Violence spreads in Tibet
Violence spilled over from Tibet into neighbouring provinces today as Tibetans defied a Chinese government crackdown and the Dalai Lama warned that the area faced “cultural genocide” and appealed to the world for help.
Supporters of the Dalai Lama said 80 people had been killed during the protests in the Tibetan capital, Lhasa, and at least another 72 injured. It was the latest negative publicity for China ahead of the Beijing Olympics in August.
Protests were reported in Sichuan, Qinghai and Gansu provinces. All are home to Tibetan populations.
The demonstrations come after five days of protests in Lhasa escalated into violence on Friday, with Buddhist monks and others torching police cars and shops in the fiercest challenge to Beijing’s rule over the region in nearly two decades.
“Whether the (Chinese) government there admits or not, there is a problem,” the Dalai Lama said. “Whether intentionally or unintentionally, some cultural genocide is taking place.”
He told reporters in Dharamsala, the north Indian town where Tibet’s self-declared government-in-exile is based, that an international body should investigate the government’s crackdown on the protests in Lhasa.
Thubten Samphel, a spokesman for the Dalai Lama’s government, said multiple sources inside Tibet had counted at least 80 corpses since the violence broke out Friday. He did not know how many of the bodies were protesters. At least another 72 people had been injured, he said.
The official Xinhua News Agency has said at least 10 civilians were burned to death on Friday.
The figures could not be independently verified because China restricts foreign media access to Tibet.
A resident of Aba county in Sichuan, who refused to give his name, said there was a clash between Tibetan monks and armed police after the monks staged a protest. He said one policeman had been killed and three or four police vans had been set on fire.
The Tibetan Centre for Human Rights and Democracy said at least seven people have been shot dead in the county. There was no way of immediately confirming the claim.
In Qinghai, 100 monks defied a directive confining them to Rongwo Monastery in Tongren city by climbing a hill behind the monastery, where they set off fireworks and burned incense.
The act frayed tensions. Businesses were shuttered, and about 30 riot police with shields took up posts near the monastery. Police forced journalists to delete photographs of the riot squads.
In Gansu, more than 100 students protested at a university in Lanzhou, according to Matt Whitticase of activist group Free Tibet. Witnesses said a curfew was imposed in Xiahe city in the province today, a day after police fired tear gas on a 1,000 protesters, including Buddhist monks and ordinary citizens, who had marched from the historic Labrang monastery.
Large communities of ethnic Tibetans live far outside modern Tibet in areas that were the Himalayan region’s eastern and north-eastern provinces of Amdo and Kham until the communist takeover in 1951. Those areas were later split off by Beijing to become the Chinese province of Qinghai and part of Sichuan province.
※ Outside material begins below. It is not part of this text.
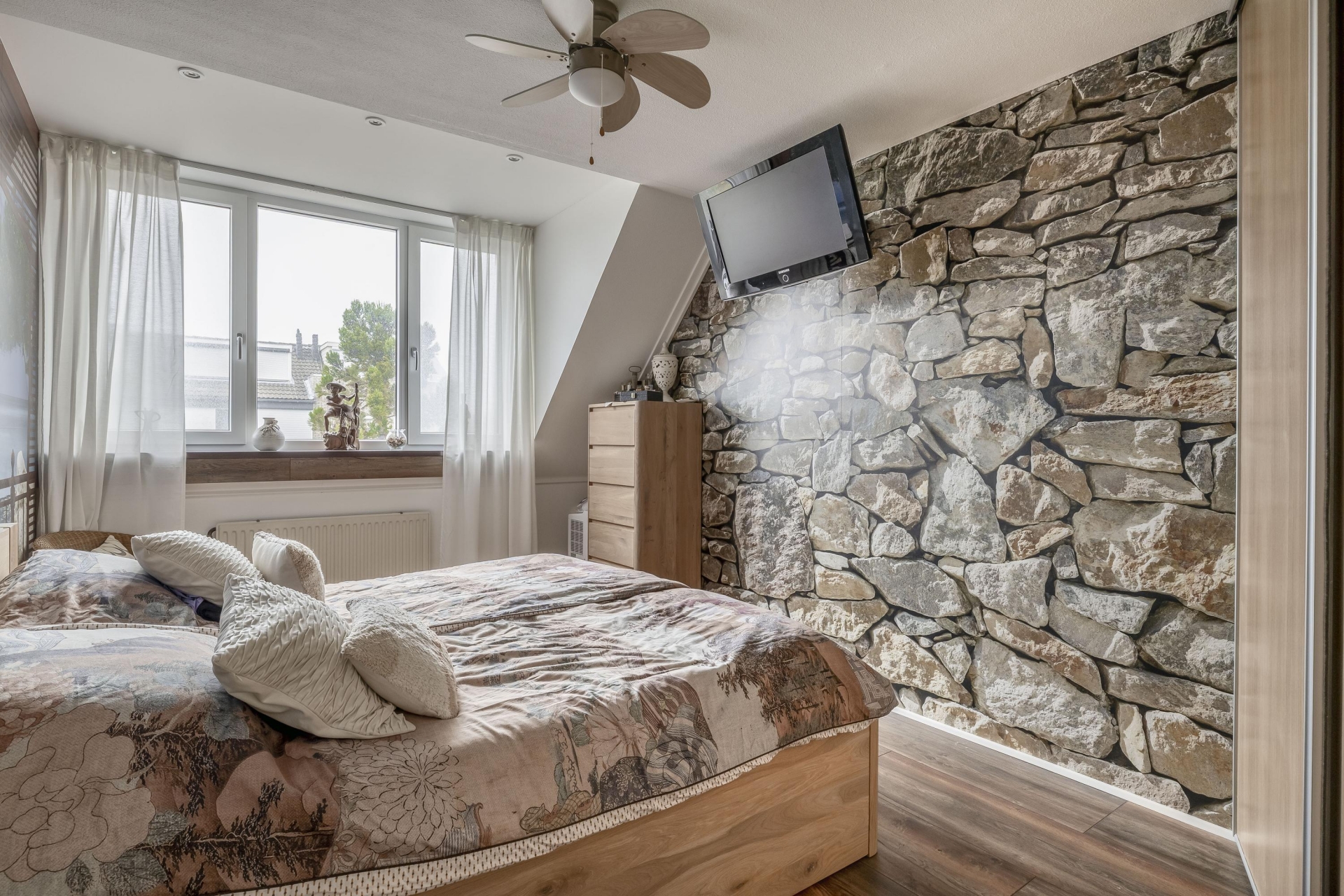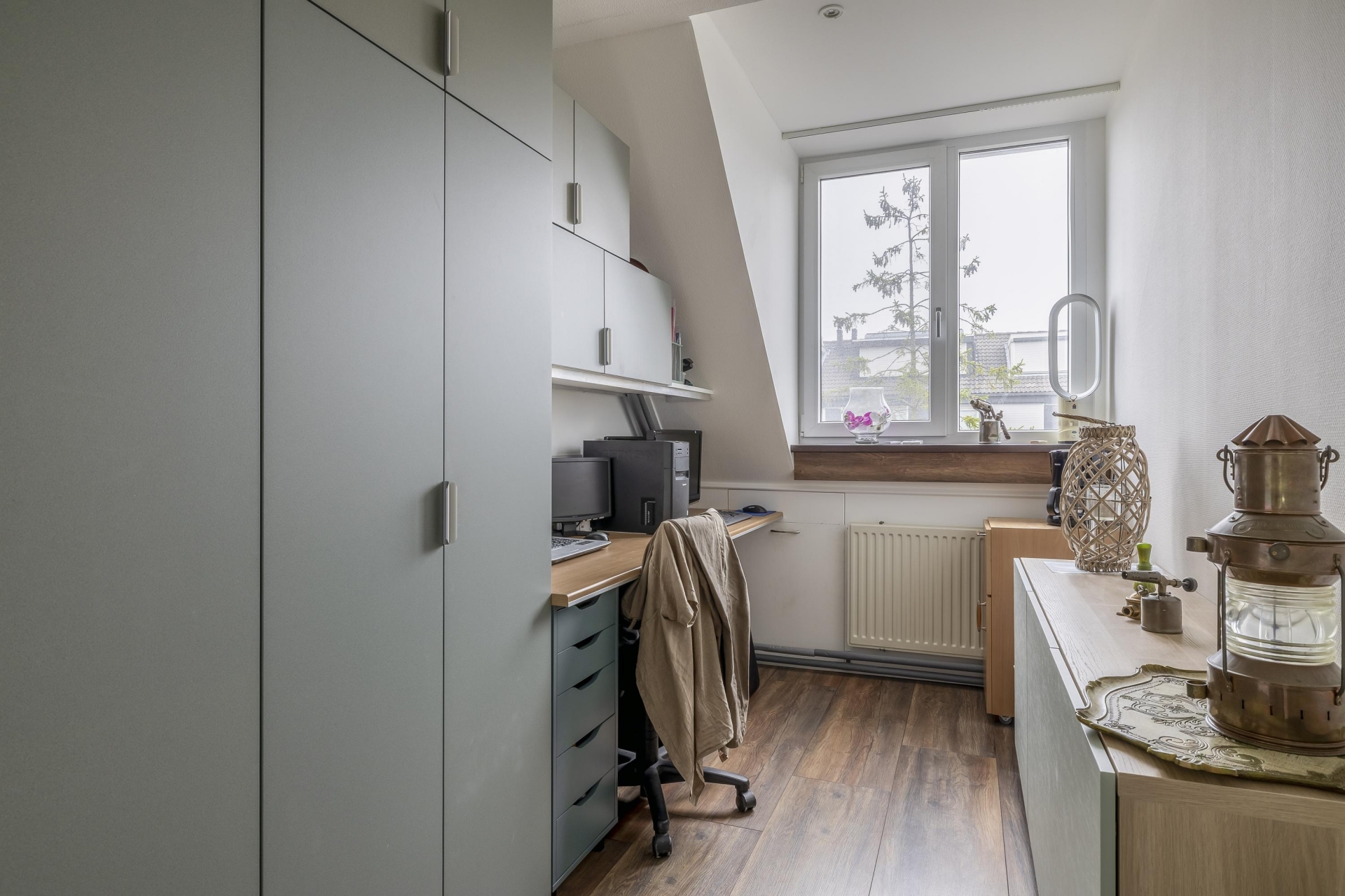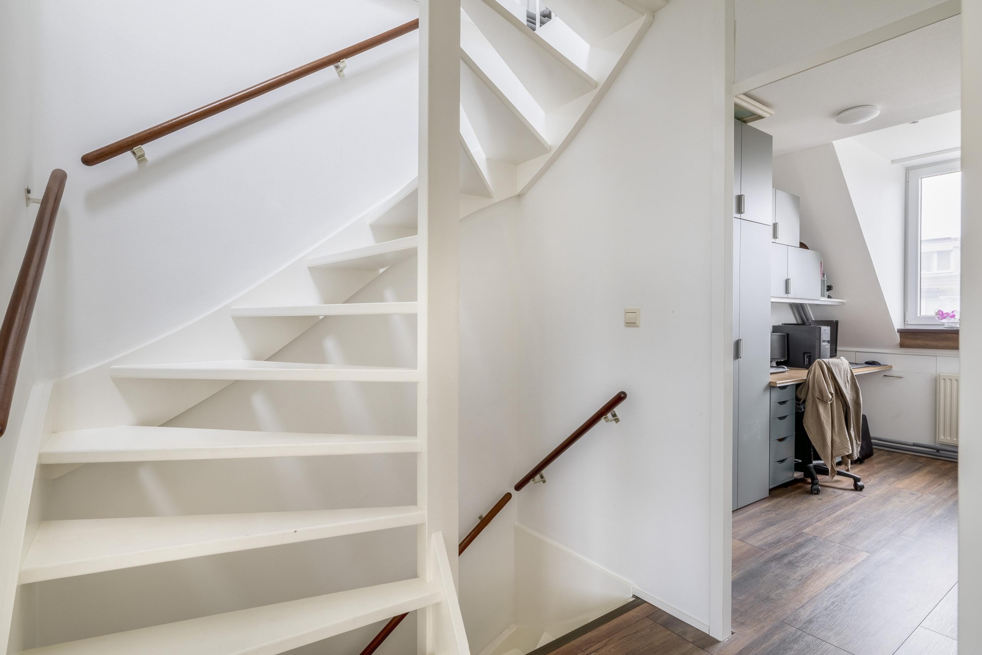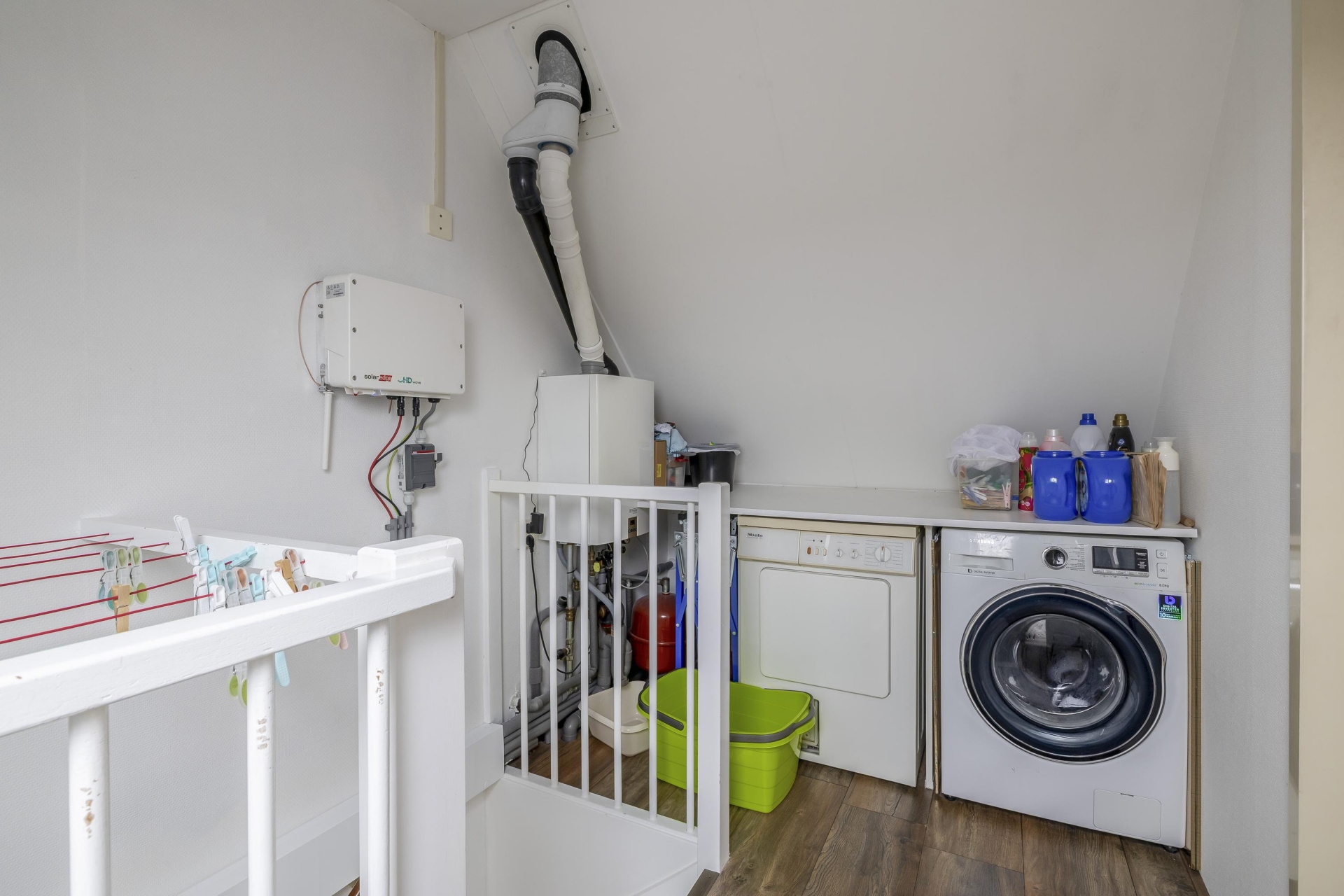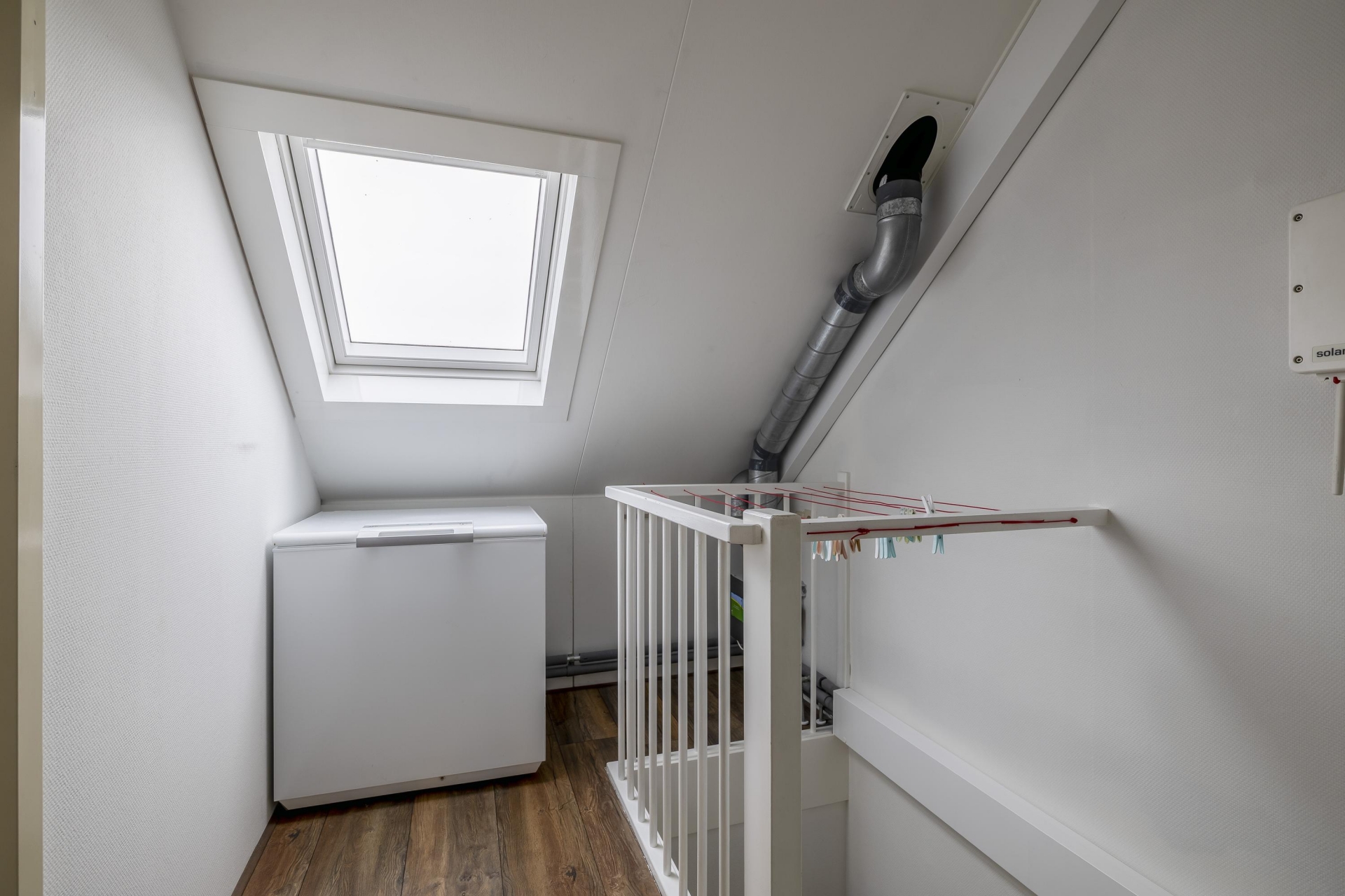 De zolderverdieping is in gebruik als vierde slaapkamer, voorzien van dakramen en extra bergruimte achter knieschotten. De ruime overloop is ingericht als wasruimte met opstelplaats voor de wasmachine, droger, cv-installatie én omvormer van de zonnepanelen. Ook hier ligt een nette vloer, wat de zolder tot een volwaardige verdieping maakt. Dankzij de vernieuwde meterkast (2023) en goede isolatie is dit huis technisch klaar voor de toekomst.

Hong Kong Cable TV said about 200 military vehicles each carrying dozens of armed soldiers, drove into the centre of Lhasa today. The footage showed mostly empty streets, but for armoured and military vehicles patrolling and soldiers searching buildings.
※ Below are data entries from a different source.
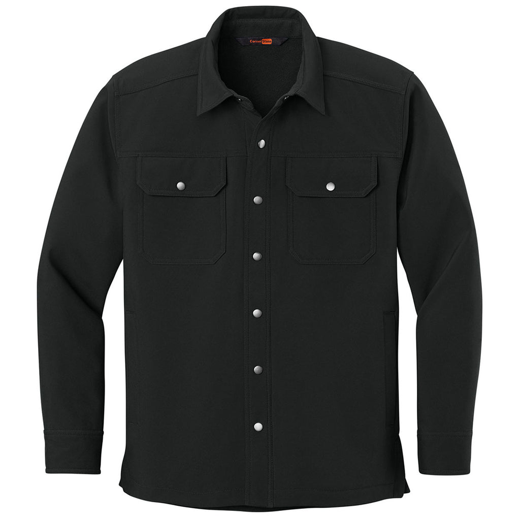 Custom embroidery gives the CornerStone Men's Black Soft Shell Shirt Jacket a polished corporate look. Designed with the toughness of a jacket and the style of a shirt, it's versatile enough for work or casual wear. Your logo becomes a professional piece that employees can wear with pride on and off the job.Highlights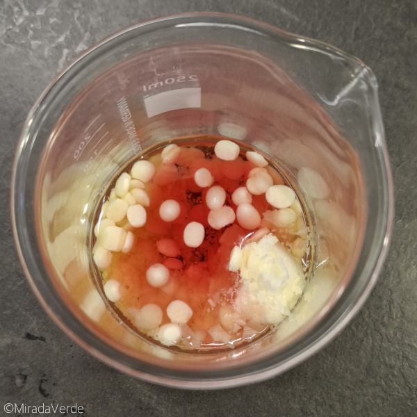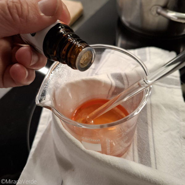 - Kurz bevor es wieder fest wird, 5 Tropfen ätherisches Lavendelöl und 5 Tropfen ätherisches Rosenöl einrühren.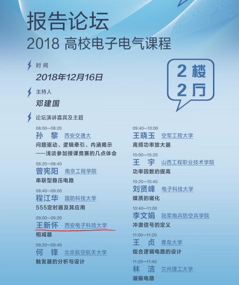 大会邀请了全国青年教师讲课竞赛一等奖头魁们做分会场报告,包括模拟电子技术基础、数字电子技术基础、低频电子线路、高频电子线路、数字电路与逻辑设计、电磁场与电磁波、信号与系统等各课程方向。我校获奖的王新怀副教授应邀参加,并做了讲课竞赛分享报告。他以模电中典型的运算放大器相减器电路为例,以实际应用问题为驱动,以如何构造相减器为逻辑牵引,逐次递进展示相减器的讲法,并结合虚拟仿真软件Multism仿真以加深内容理解。报告展示中以新颖的教学设计、先进的教学理念和方法、良好的教学能力与综合素养以及多种教学方法的融合运用,赢得了全国同行与点评专家的认可与肯定,展现了我校青年教师扎实的业务能力和专业素养。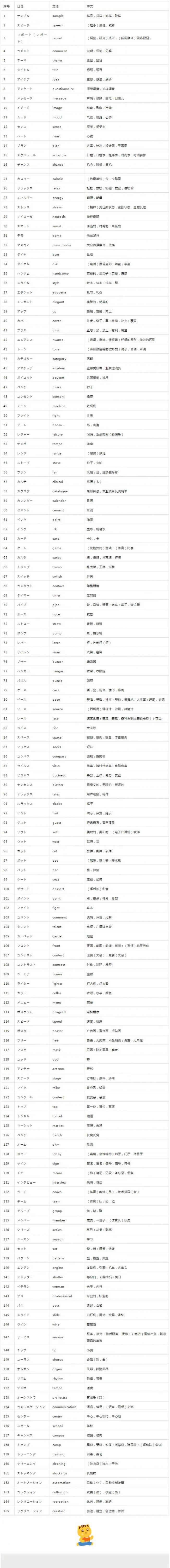 附:常用的英日对照词汇表:
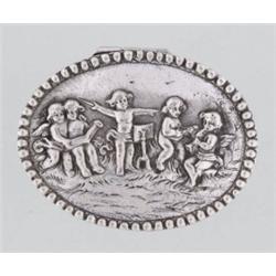 német, 20. sz. eleje, ezüst, 1925 utáni osztrák behozatali jeggyel, öntött, fedelén zenélo puttók, 46,7 g; 2*6,5*4,5 cm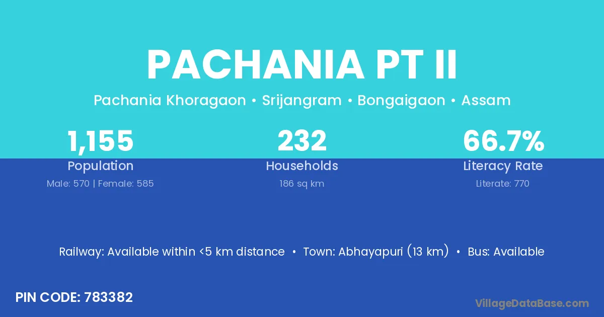 Abhayapuri (13 km) is the nearest town to Pachania Pt Ii village for major economic activities and is located approximately 13 km away.

Loudspeakers on the streets repeatedly broadcast slogans urging residents to “discern between enemies and friends, maintain order”.
The violence on Friday erupted just two weeks before China’s Olympic celebrations kick off with the start of the torch relay, which will pass through Tibet.
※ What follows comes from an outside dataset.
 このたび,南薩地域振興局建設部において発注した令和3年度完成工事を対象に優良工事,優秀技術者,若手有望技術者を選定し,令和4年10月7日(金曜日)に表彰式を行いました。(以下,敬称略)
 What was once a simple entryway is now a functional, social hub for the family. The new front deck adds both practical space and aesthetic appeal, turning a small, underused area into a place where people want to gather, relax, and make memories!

China’s communist government is hoping Beijing’s hosting of the August 8-24 Olympics will boost its popularity at home as well as its image abroad. But the event has already attracted the scrutiny of China’s human rights record and its pollution problems.
International criticism of the crackdown in Tibet so far has been mild, with no threats of an Olympic boycott or other sanctions.
US Secretary of State Condoleezza Rice called on China “to exercise restraint in dealing with the protests”.
Ms Rice said she was “concerned by reports of a sharply increased police and military presence in and around Lhasa”. Her statement urged China to release those jailed for protesting.
International Olympic Committee president Jacques Rogge said he opposed an Olympic boycott over Tibet.
“We believe that the boycott doesn’t solve anything,” Mr Rogge told reporters on the Caribbean island of St Kitts.
“On the contrary, it is penalising innocent athletes and it is stopping the organisation from something that definitely is worthwhile organising.”
The unrest in Tibet began March 10 on the anniversary of a 1959 uprising against Chinese rule of the region. Tibet was effectively independent for decades before communist troops entered in 1950.
The protests by Buddhist monks spiralled to include cries for Tibet’s independence and turned violent when police intervened. Pent-up grievances against Chinese rule came to the fore, as Tibetans directed their anger against Chinese and their shops, hotels and other businesses.